Restate word for word the lines below from the one that has "野(11画)々(11画)垣(9画) 将(11画)志(7画)" through the one that has "Geschenktags mit abwechselnden", keeping both and dropping all pictures.
Working data START
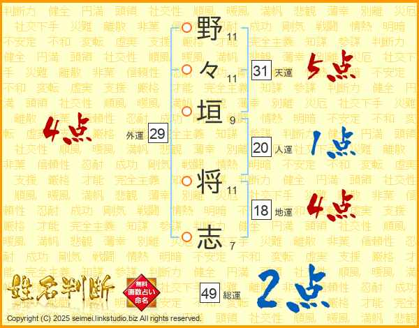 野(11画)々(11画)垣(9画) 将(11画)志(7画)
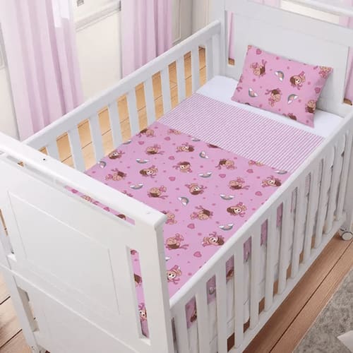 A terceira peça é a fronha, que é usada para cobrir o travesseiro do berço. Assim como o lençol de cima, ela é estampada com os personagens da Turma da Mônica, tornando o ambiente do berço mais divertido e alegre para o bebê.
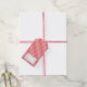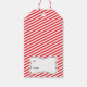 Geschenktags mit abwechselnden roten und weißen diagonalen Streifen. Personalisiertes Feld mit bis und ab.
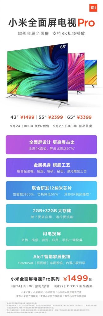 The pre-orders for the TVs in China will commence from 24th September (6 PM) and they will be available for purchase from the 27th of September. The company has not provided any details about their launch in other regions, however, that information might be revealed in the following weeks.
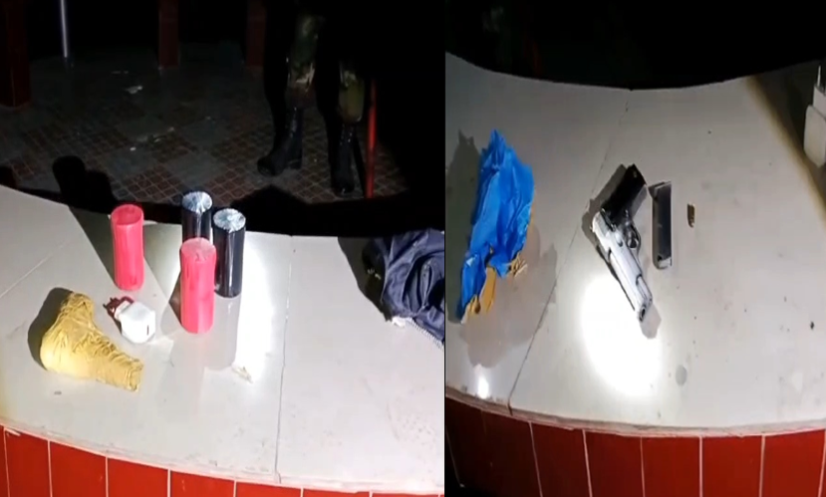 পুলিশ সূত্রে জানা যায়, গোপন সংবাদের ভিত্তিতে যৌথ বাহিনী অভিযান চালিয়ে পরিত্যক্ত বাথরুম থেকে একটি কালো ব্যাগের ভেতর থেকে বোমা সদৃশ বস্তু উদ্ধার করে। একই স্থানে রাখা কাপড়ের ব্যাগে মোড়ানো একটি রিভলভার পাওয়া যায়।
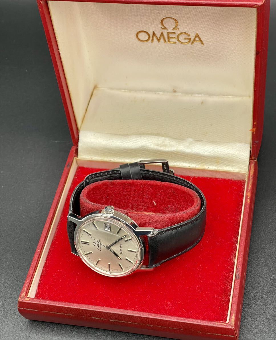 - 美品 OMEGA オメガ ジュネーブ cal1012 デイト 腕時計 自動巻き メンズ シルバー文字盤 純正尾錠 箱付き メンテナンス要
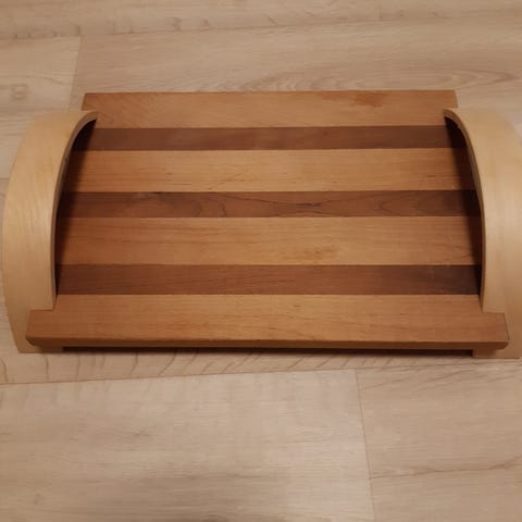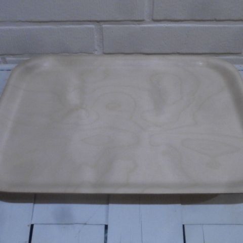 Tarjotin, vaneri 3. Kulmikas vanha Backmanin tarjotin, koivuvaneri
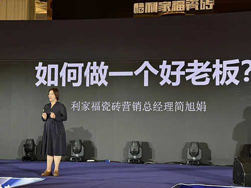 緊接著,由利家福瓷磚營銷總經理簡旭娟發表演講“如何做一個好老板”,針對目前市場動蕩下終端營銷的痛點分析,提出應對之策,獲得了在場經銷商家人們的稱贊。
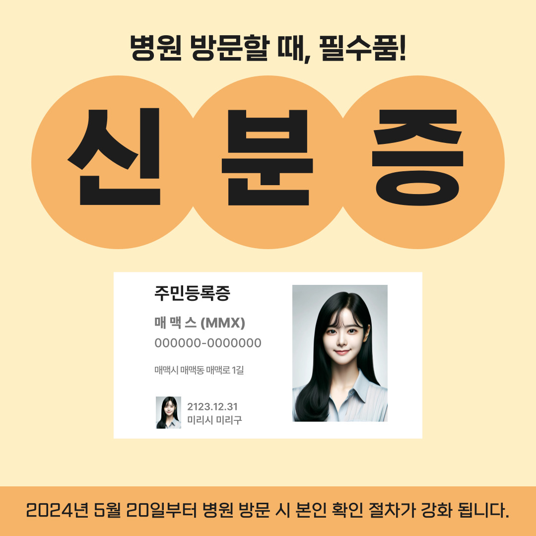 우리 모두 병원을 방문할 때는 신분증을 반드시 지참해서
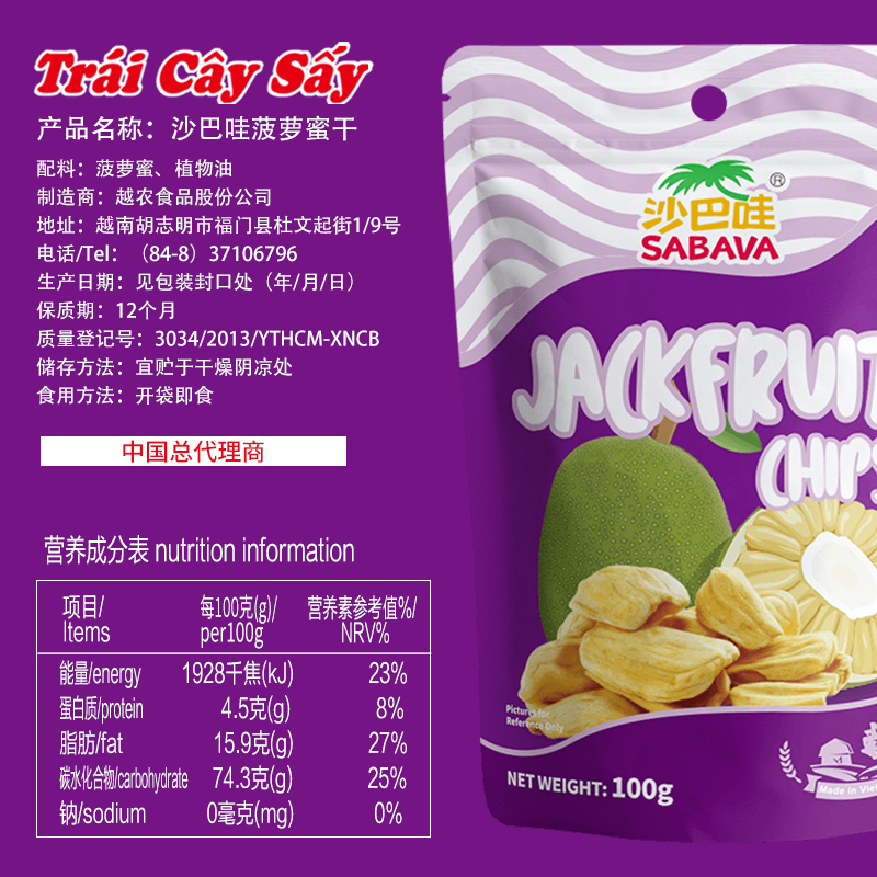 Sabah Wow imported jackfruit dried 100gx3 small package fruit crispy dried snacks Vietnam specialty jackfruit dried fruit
Working data END
Working data START
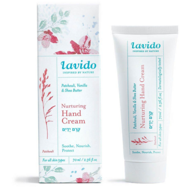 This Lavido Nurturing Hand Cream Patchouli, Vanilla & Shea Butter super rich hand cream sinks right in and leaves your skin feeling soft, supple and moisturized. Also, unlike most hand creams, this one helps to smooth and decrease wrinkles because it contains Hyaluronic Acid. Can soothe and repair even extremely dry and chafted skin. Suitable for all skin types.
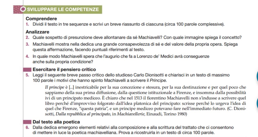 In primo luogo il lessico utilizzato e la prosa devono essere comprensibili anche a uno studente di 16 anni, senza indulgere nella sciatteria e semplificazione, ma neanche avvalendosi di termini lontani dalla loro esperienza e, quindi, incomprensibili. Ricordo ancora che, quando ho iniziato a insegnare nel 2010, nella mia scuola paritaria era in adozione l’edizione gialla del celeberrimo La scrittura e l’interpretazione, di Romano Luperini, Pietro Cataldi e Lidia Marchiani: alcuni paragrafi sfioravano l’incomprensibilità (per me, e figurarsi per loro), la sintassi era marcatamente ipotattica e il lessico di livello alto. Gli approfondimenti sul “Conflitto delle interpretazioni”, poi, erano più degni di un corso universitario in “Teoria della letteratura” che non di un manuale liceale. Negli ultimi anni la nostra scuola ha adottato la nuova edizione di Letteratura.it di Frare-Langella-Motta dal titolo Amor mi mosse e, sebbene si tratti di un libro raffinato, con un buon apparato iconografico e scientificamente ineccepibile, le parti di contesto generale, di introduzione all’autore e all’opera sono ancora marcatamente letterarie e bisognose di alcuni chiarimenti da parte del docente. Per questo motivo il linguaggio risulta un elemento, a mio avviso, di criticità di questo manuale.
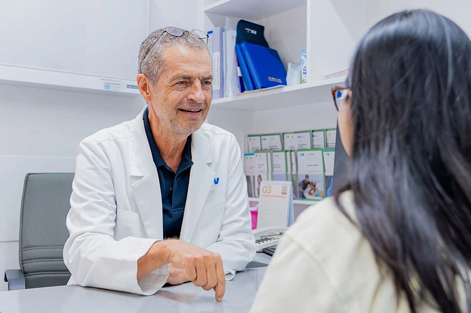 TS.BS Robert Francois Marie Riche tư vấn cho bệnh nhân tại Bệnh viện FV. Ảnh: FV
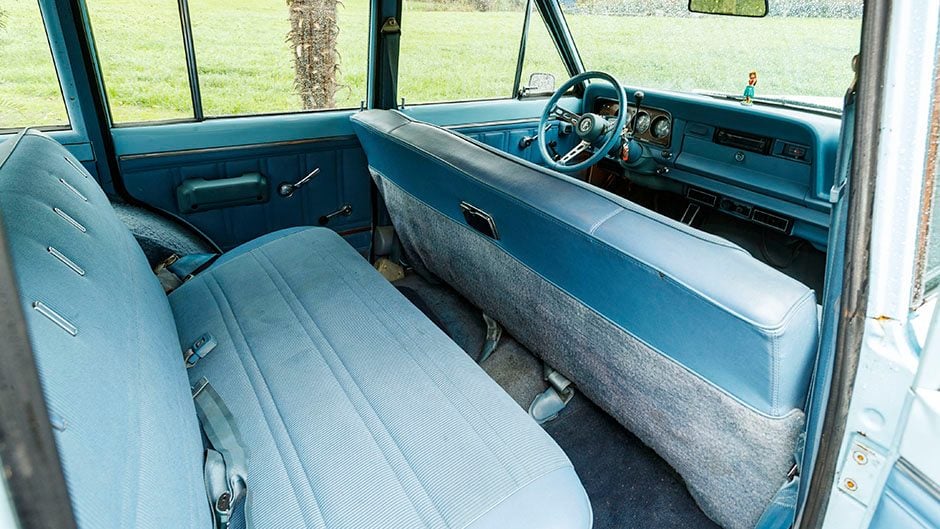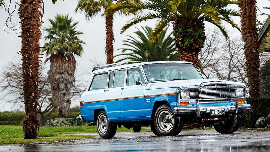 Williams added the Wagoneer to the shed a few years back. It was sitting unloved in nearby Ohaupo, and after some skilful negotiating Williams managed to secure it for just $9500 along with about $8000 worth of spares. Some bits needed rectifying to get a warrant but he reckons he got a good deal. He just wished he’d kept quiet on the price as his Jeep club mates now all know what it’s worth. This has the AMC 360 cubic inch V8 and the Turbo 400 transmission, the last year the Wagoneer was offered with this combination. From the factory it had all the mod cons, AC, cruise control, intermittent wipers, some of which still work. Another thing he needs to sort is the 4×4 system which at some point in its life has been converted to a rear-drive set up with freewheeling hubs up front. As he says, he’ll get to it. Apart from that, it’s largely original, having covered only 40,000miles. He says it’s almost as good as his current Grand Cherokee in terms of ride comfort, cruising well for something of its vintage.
Working data END
Working data START
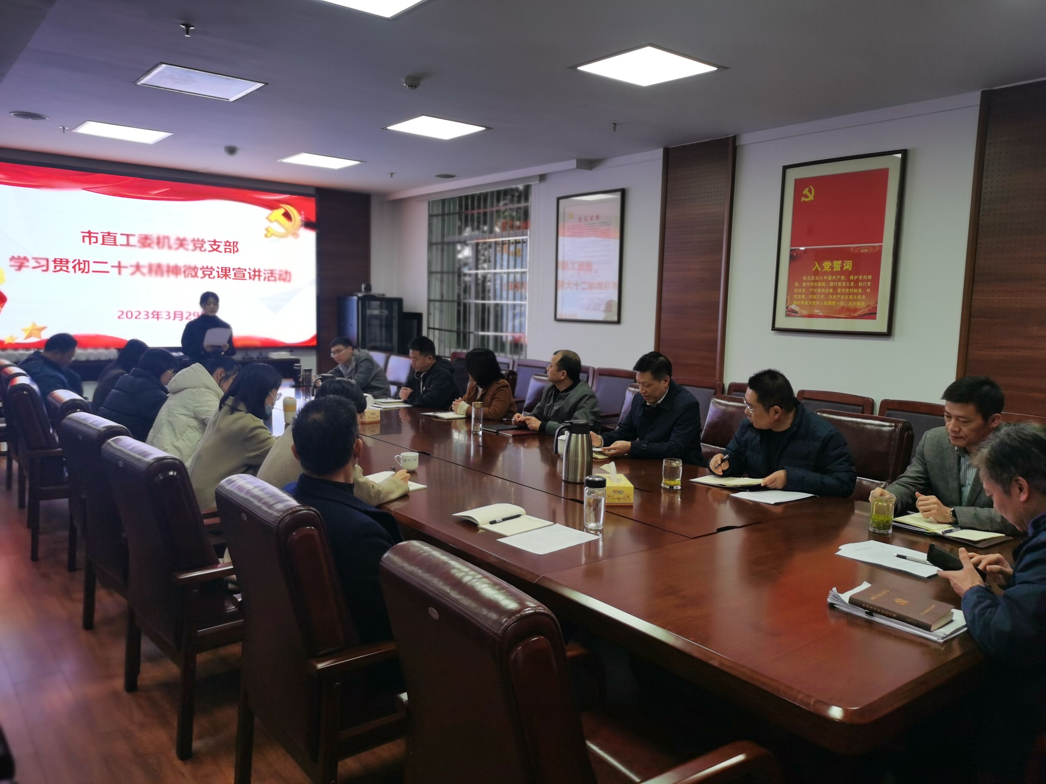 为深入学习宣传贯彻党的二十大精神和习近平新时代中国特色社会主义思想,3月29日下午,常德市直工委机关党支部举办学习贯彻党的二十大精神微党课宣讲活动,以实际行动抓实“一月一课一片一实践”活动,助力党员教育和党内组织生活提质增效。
Working data END
Answer to this problem:
 野(11画)々(11画)垣(9画) 将(11画)志(7画)
 A terceira peça é a fronha, que é usada para cobrir o travesseiro do berço. Assim como o lençol de cima, ela é estampada com os personagens da Turma da Mônica, tornando o ambiente do berço mais divertido e alegre para o bebê.
 Geschenktags mit abwechselnden roten und weißen diagonalen Streifen. Personalisiertes Feld mit bis und ab.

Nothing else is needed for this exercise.